┏━━

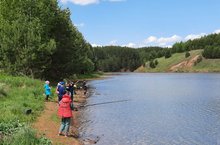 Лагерыбыз күңелле генә дәвам итә. Бүген без Мишэ елгасына балык тотарга бардык. Ашаров Ренас беренчеләрдән эләктерде.
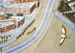 ![]() Calle Leganés | ![]() Calle Leganés | ![]() Pintura mural en las medianerías frente a Base Aérea. Madrid |
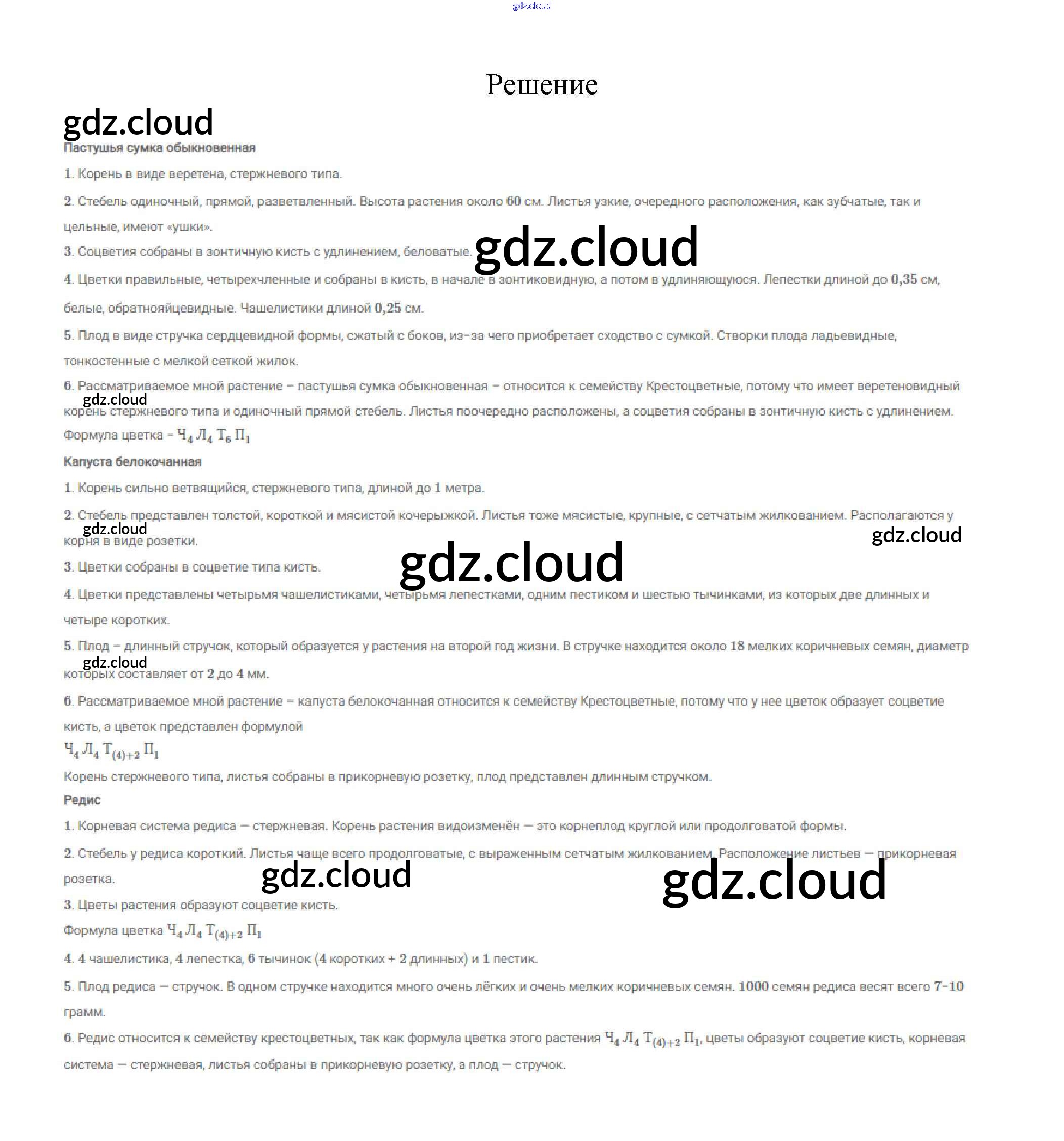Задания Ответы к §9. Класс двудольные. Семейства Крестоцветные (Капустные) и Розоцветные по Биологии 7 класс Учебник Пасечник Линейный курс Дрофа
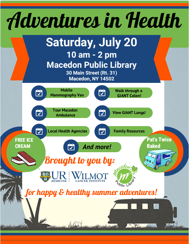Stop by the Macedon Public Library tomorrow, July 20, from 10 am-2 pm to check out our health fair. You can tour a Macedon ambulance, walk through a giant colon, and sample the great food of Pat’s Twice Baked food truck. And there’s much more!
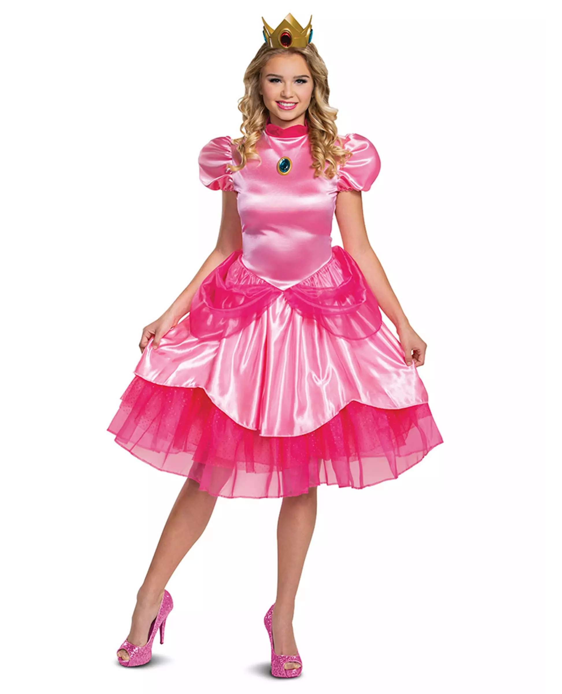 Bli den ikoniske Prinsesse Peach med dette deluxe Nintendo™-lisensierte kostymet for kvinner. Dette offisielt lisensierte Nintendo® Deluxe Prinsesse Peach-kostymet er for kvinner. Det inkluderer kjole og krone (sko og halskjede er ikke inkludert). Kjolen er rosa med puffede skuldre og en rund hals. En fuskestein og en liten mørkerosa krage pryder kragen på antrekket. Underskjørtet har også mørkere rosa tyllpartier. Kom og ta på deg den juvelbesatte kronen! Gjør dette offisielt lisensierte Nintendo® Deluxe Prinsesse Peach-kostymet til en parasoll eller en gul stjerne! Inkludert tilbehør: Kjolekrone Materiale: 100 % polyester
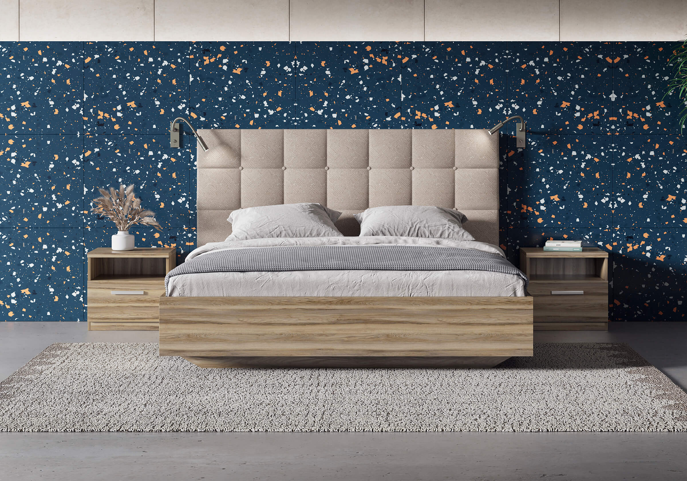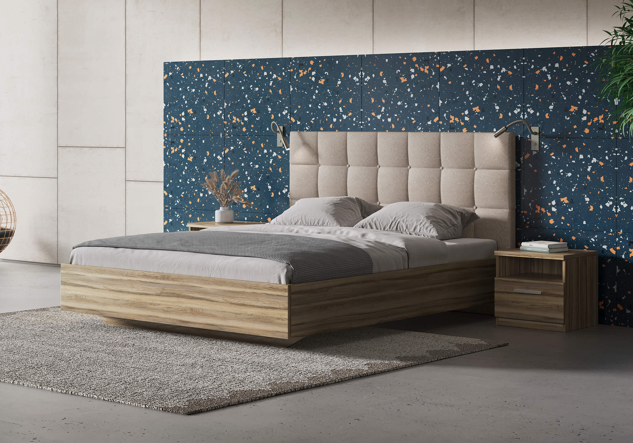 Luiza – комбинированная кровать с изголовьем, украшенным декоративными пуговицами, которые исполнены в той же ткани, что и изголовье. Симметричность линий, сдержанность формы и декора делают модель универсальной для любого интерьера. Кровать будет уникальной благодаря большой коллекции тканей и эко-кожи.

┗━━

Your response must reproduce every line of the data exactly, with images omitted.

 Лагерыбыз күңелле генә дәвам итә. Бүген без Мишэ елгасына балык тотарга бардык. Ашаров Ренас беренчеләрдән эләктерде.
 ![]() Calle Leganés | ![]() Calle Leganés | ![]() Pintura mural en las medianerías frente a Base Aérea. Madrid |
Задания Ответы к §9. Класс двудольные. Семейства Крестоцветные (Капустные) и Розоцветные по Биологии 7 класс Учебник Пасечник Линейный курс Дрофа
Stop by the Macedon Public Library tomorrow, July 20, from 10 am-2 pm to check out our health fair. You can tour a Macedon ambulance, walk through a giant colon, and sample the great food of Pat’s Twice Baked food truck. And there’s much more!
 Bli den ikoniske Prinsesse Peach med dette deluxe Nintendo™-lisensierte kostymet for kvinner. Dette offisielt lisensierte Nintendo® Deluxe Prinsesse Peach-kostymet er for kvinner. Det inkluderer kjole og krone (sko og halskjede er ikke inkludert). Kjolen er rosa med puffede skuldre og en rund hals. En fuskestein og en liten mørkerosa krage pryder kragen på antrekket. Underskjørtet har også mørkere rosa tyllpartier. Kom og ta på deg den juvelbesatte kronen! Gjør dette offisielt lisensierte Nintendo® Deluxe Prinsesse Peach-kostymet til en parasoll eller en gul stjerne! Inkludert tilbehør: Kjolekrone Materiale: 100 % polyester
 Luiza – комбинированная кровать с изголовьем, украшенным декоративными пуговицами, которые исполнены в той же ткани, что и изголовье. Симметричность линий, сдержанность формы и декора делают модель универсальной для любого интерьера. Кровать будет уникальной благодаря большой коллекции тканей и эко-кожи.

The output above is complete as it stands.